**What is being asked:** Below are entries to reproduce exactly, apart from their pictures.

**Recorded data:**
------------
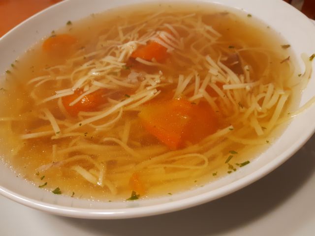 V soboto smo imeli govejo juho z rezanci in ostanke s praznovanja.
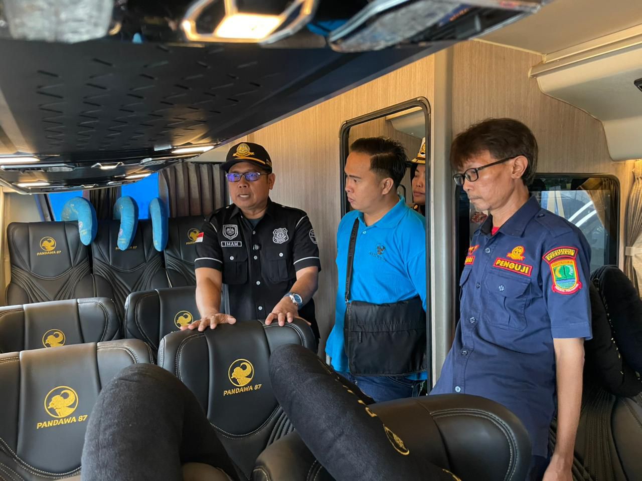 Pengawasan bekerja sama dengan Ditlantas Polda Jawa Barat, petugas gabungan menggelar kegiatan Ramp Check atau inspeksi keselamatan kendaraan di PO Pandawa Karawang, Kamis (30/4/2026).
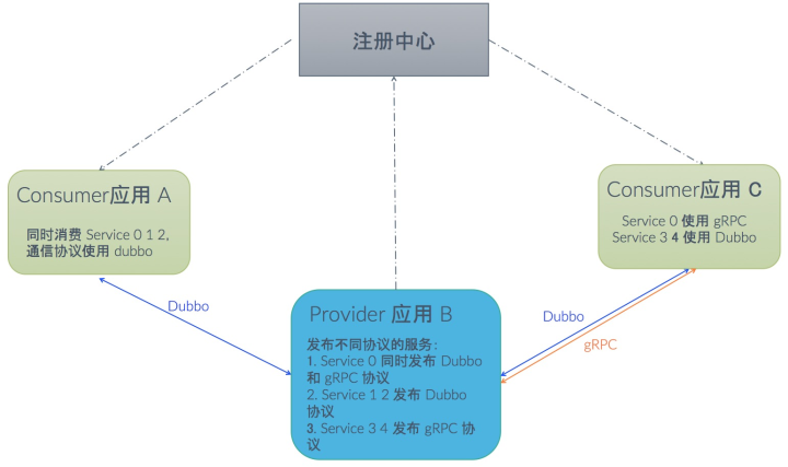 通过支持多种协议,借助注册中心的协调,可以快速满足公司内协议迁移的需求。如从自有协议升级到 Dubbo 协议,Dubbo 协议自身升级,从 Dubbo 协议迁移到 gRPC,从 REST 迁移到 Dubbo 协议等。
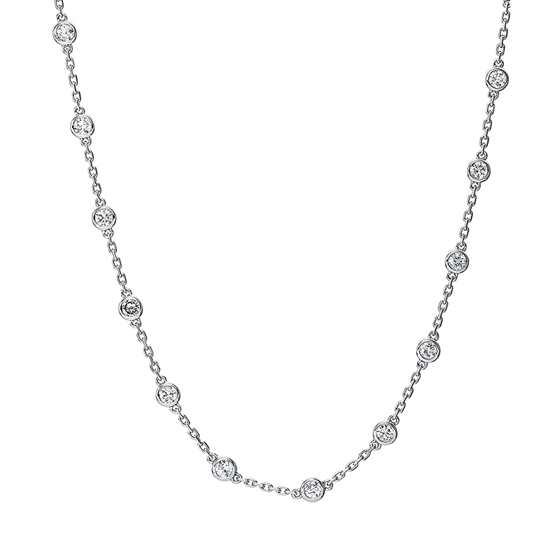 Collier Zarge 18 kt WG, 23 Brillanten 3,11 ct, TW-si, H:4,5 mm, B:4,5 mm, L:49,5 cm, S:2,2 mm
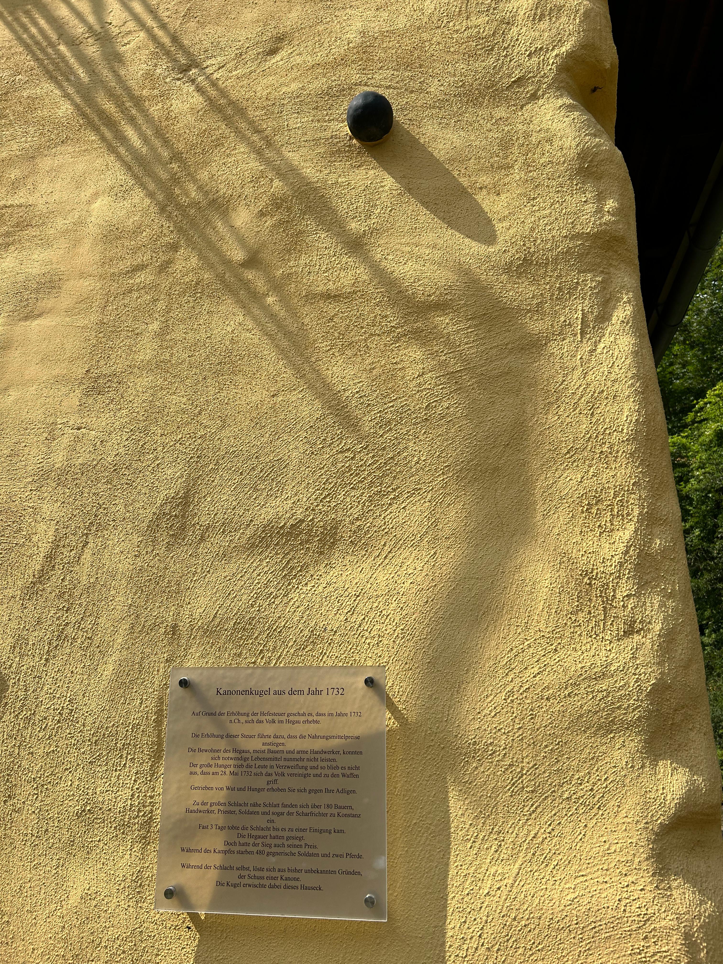 Diese Stelle am Fuss des Hohenkrähen, auf Höhe der Vorburg, zeigt eine Kanonenkugel die 1732 hier einschlug.
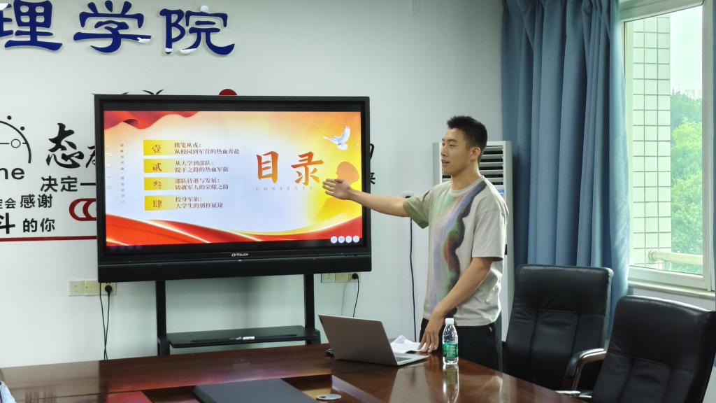 卓子豪以铿锵有力的语言,讲述了自己从校园走进军营的心路历程,生动诠释了将爱国之心转化为爱国之行的成长经历。他从大学实习经历谈起,认为自己在2020年放弃入职优质企业的机会,毅然入伍参军是无悔的圆梦之举。他分享了在军营中锻炼成长、为民服务的难忘经历,向大家展示多类兵种着装、演习训练记录与队内丰富活动的影像图片。他表示,严格艰苦的训练条件和紧迫复杂的执勤任务都是他从一名普通老员工成长为一名合格的军人必经之路。为继续献身国防,卓子豪通过自身努力和考试选拔提干成为一名军官。新的身份代表着更沉重的责任。“愿以吾辈之青春,护卫这盛世之中华!” 卓子豪激励同学们勇敢追逐戎装梦想,参军报国、不负韶华。
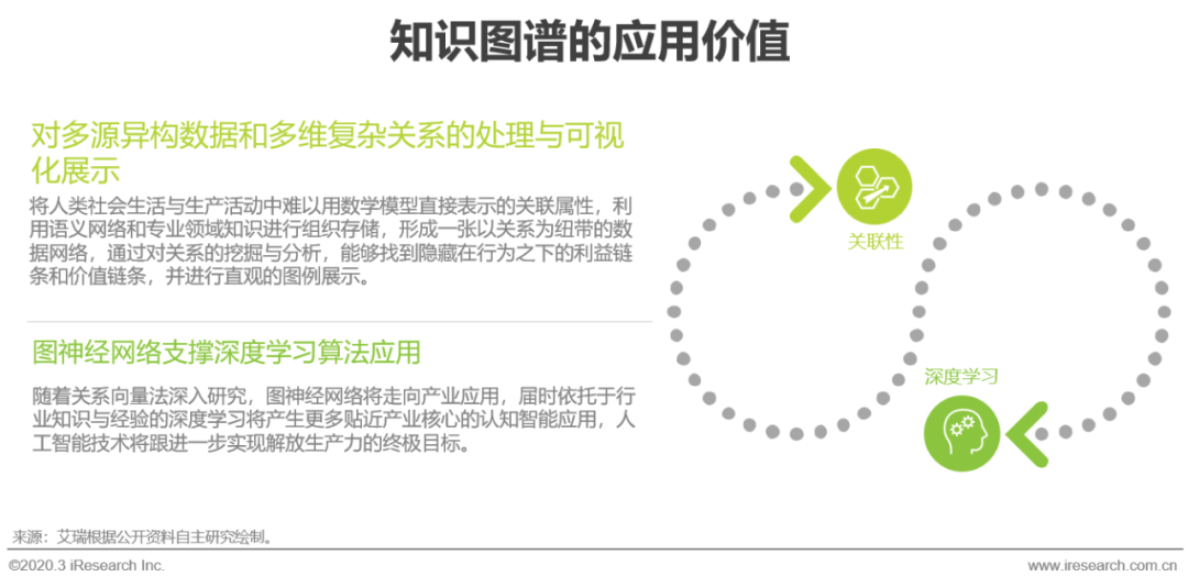 知识图谱是人工智能符号学派中知识工程的代表应用,其核心价值在于对多源异构数据和多维复杂关系的处理与可视化展示,其底层逻辑是将人类社会生活与生产活动中难以用数学模型直接表示的关联属性,利用语义网络和专业领域知识进行组织存储,形成一张以关系为纽带的数据网络,通过对关系的挖掘与分析,能够找到隐藏在行为之下的利益链条和价值链条,并进行直观的图例展示。在面对数据多样、复杂,孤岛化,且单一数据价值不高的应用场景时,存在关系深度搜索、规范业务流程、规则和经验性预测等需求,使用知识图谱解决方案将带来最佳的应用价值。连接主义中的深度学习算法几乎代表了当代整个人工智能技术,但深度学习需要具有明确因果关系的数据对训练,且存在尚缺乏解释性的黑箱问题,在掺杂众多非线性问题的复杂场景中应用价值有限,通过与知识图谱的配合使用,在一定程度上可以解决此类问题,随着关系向量法深入研究,图神经网络将走向产业应用,届时依托于行业知识与经验的深度学习将产生更多贴近产业核心的认知智能应用,人工智能技术也将跟进一步实现生产力升级的终极目标。
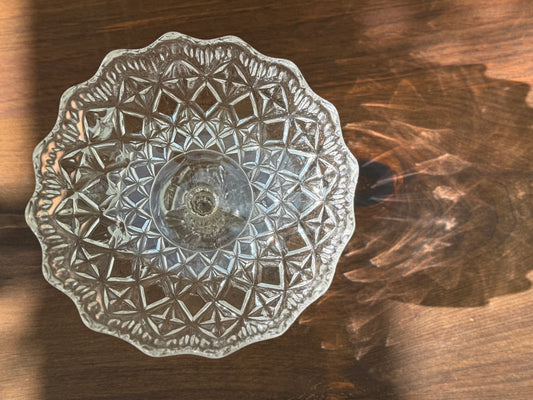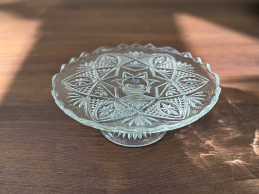 ヴィンテージ、プレスガラスの脚付きケーキスタンド
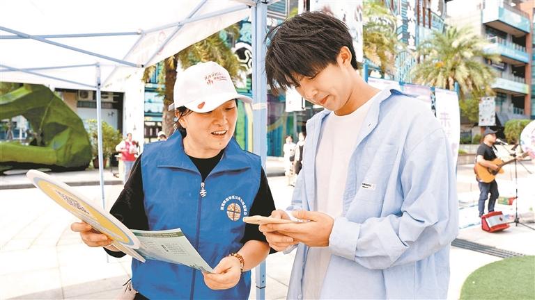 文明实践指导员向市民宣传文明建设工作。
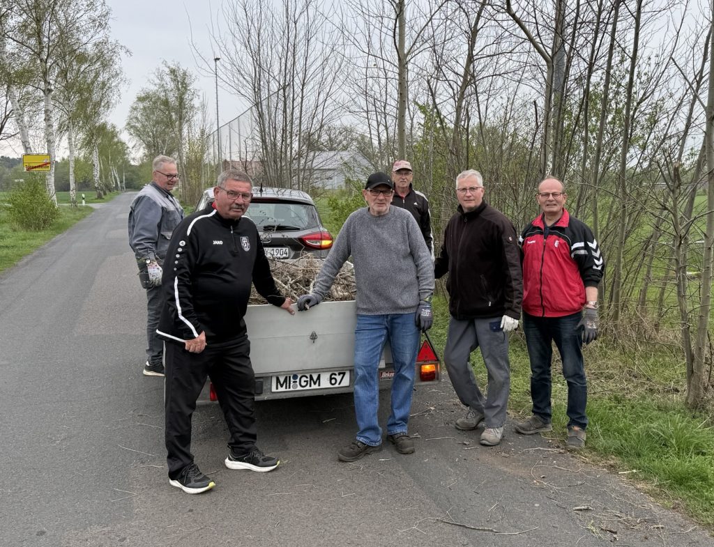 Nachdem der Fangzaun hinter dem Tor von Sportplatz 1 vom Getrüpp befreit worden war, wurde dies in einer gesonderten Aktion verladen und ordnungsgemäß entsorgt. Dabei war mit Carsten Ruhnke auch ein „Neuling“ beim Sportplatzteam. „Wenn ich Zeit habe, unterstütze ich die Truppe gerne“, so der 55-jährige Rahdener. Karsten ist bei Spielen unserer Ersten meist als Zuschauer dabei und fährt auch bei der gemütlichen Fahrradgruppe mit. Auf dem rechten Foto: von links Friedhelm Bergsieker, Werner Tegeler, Herbert Henke, Reinhard Bohnhorst, Neuzugang Carsten und Günter Helmich.
------------
**Solution:**
 V soboto smo imeli govejo juho z rezanci in ostanke s praznovanja.
 Pengawasan bekerja sama dengan Ditlantas Polda Jawa Barat, petugas gabungan menggelar kegiatan Ramp Check atau inspeksi keselamatan kendaraan di PO Pandawa Karawang, Kamis (30/4/2026).
 通过支持多种协议,借助注册中心的协调,可以快速满足公司内协议迁移的需求。如从自有协议升级到 Dubbo 协议,Dubbo 协议自身升级,从 Dubbo 协议迁移到 gRPC,从 REST 迁移到 Dubbo 协议等。
 Collier Zarge 18 kt WG, 23 Brillanten 3,11 ct, TW-si, H:4,5 mm, B:4,5 mm, L:49,5 cm, S:2,2 mm
 Diese Stelle am Fuss des Hohenkrähen, auf Höhe der Vorburg, zeigt eine Kanonenkugel die 1732 hier einschlug.
 卓子豪以铿锵有力的语言,讲述了自己从校园走进军营的心路历程,生动诠释了将爱国之心转化为爱国之行的成长经历。他从大学实习经历谈起,认为自己在2020年放弃入职优质企业的机会,毅然入伍参军是无悔的圆梦之举。他分享了在军营中锻炼成长、为民服务的难忘经历,向大家展示多类兵种着装、演习训练记录与队内丰富活动的影像图片。他表示,严格艰苦的训练条件和紧迫复杂的执勤任务都是他从一名普通老员工成长为一名合格的军人必经之路。为继续献身国防,卓子豪通过自身努力和考试选拔提干成为一名军官。新的身份代表着更沉重的责任。“愿以吾辈之青春,护卫这盛世之中华!” 卓子豪激励同学们勇敢追逐戎装梦想,参军报国、不负韶华。
 知识图谱是人工智能符号学派中知识工程的代表应用,其核心价值在于对多源异构数据和多维复杂关系的处理与可视化展示,其底层逻辑是将人类社会生活与生产活动中难以用数学模型直接表示的关联属性,利用语义网络和专业领域知识进行组织存储,形成一张以关系为纽带的数据网络,通过对关系的挖掘与分析,能够找到隐藏在行为之下的利益链条和价值链条,并进行直观的图例展示。在面对数据多样、复杂,孤岛化,且单一数据价值不高的应用场景时,存在关系深度搜索、规范业务流程、规则和经验性预测等需求,使用知识图谱解决方案将带来最佳的应用价值。连接主义中的深度学习算法几乎代表了当代整个人工智能技术,但深度学习需要具有明确因果关系的数据对训练,且存在尚缺乏解释性的黑箱问题,在掺杂众多非线性问题的复杂场景中应用价值有限,通过与知识图谱的配合使用,在一定程度上可以解决此类问题,随着关系向量法深入研究,图神经网络将走向产业应用,届时依托于行业知识与经验的深度学习将产生更多贴近产业核心的认知智能应用,人工智能技术也将跟进一步实现生产力升级的终极目标。
 ヴィンテージ、プレスガラスの脚付きケーキスタンド
 文明实践指导员向市民宣传文明建设工作。
 Nachdem der Fangzaun hinter dem Tor von Sportplatz 1 vom Getrüpp befreit worden war, wurde dies in einer gesonderten Aktion verladen und ordnungsgemäß entsorgt. Dabei war mit Carsten Ruhnke auch ein „Neuling“ beim Sportplatzteam. „Wenn ich Zeit habe, unterstütze ich die Truppe gerne“, so der 55-jährige Rahdener. Karsten ist bei Spielen unserer Ersten meist als Zuschauer dabei und fährt auch bei der gemütlichen Fahrradgruppe mit. Auf dem rechten Foto: von links Friedhelm Bergsieker, Werner Tegeler, Herbert Henke, Reinhard Bohnhorst, Neuzugang Carsten und Günter Helmich.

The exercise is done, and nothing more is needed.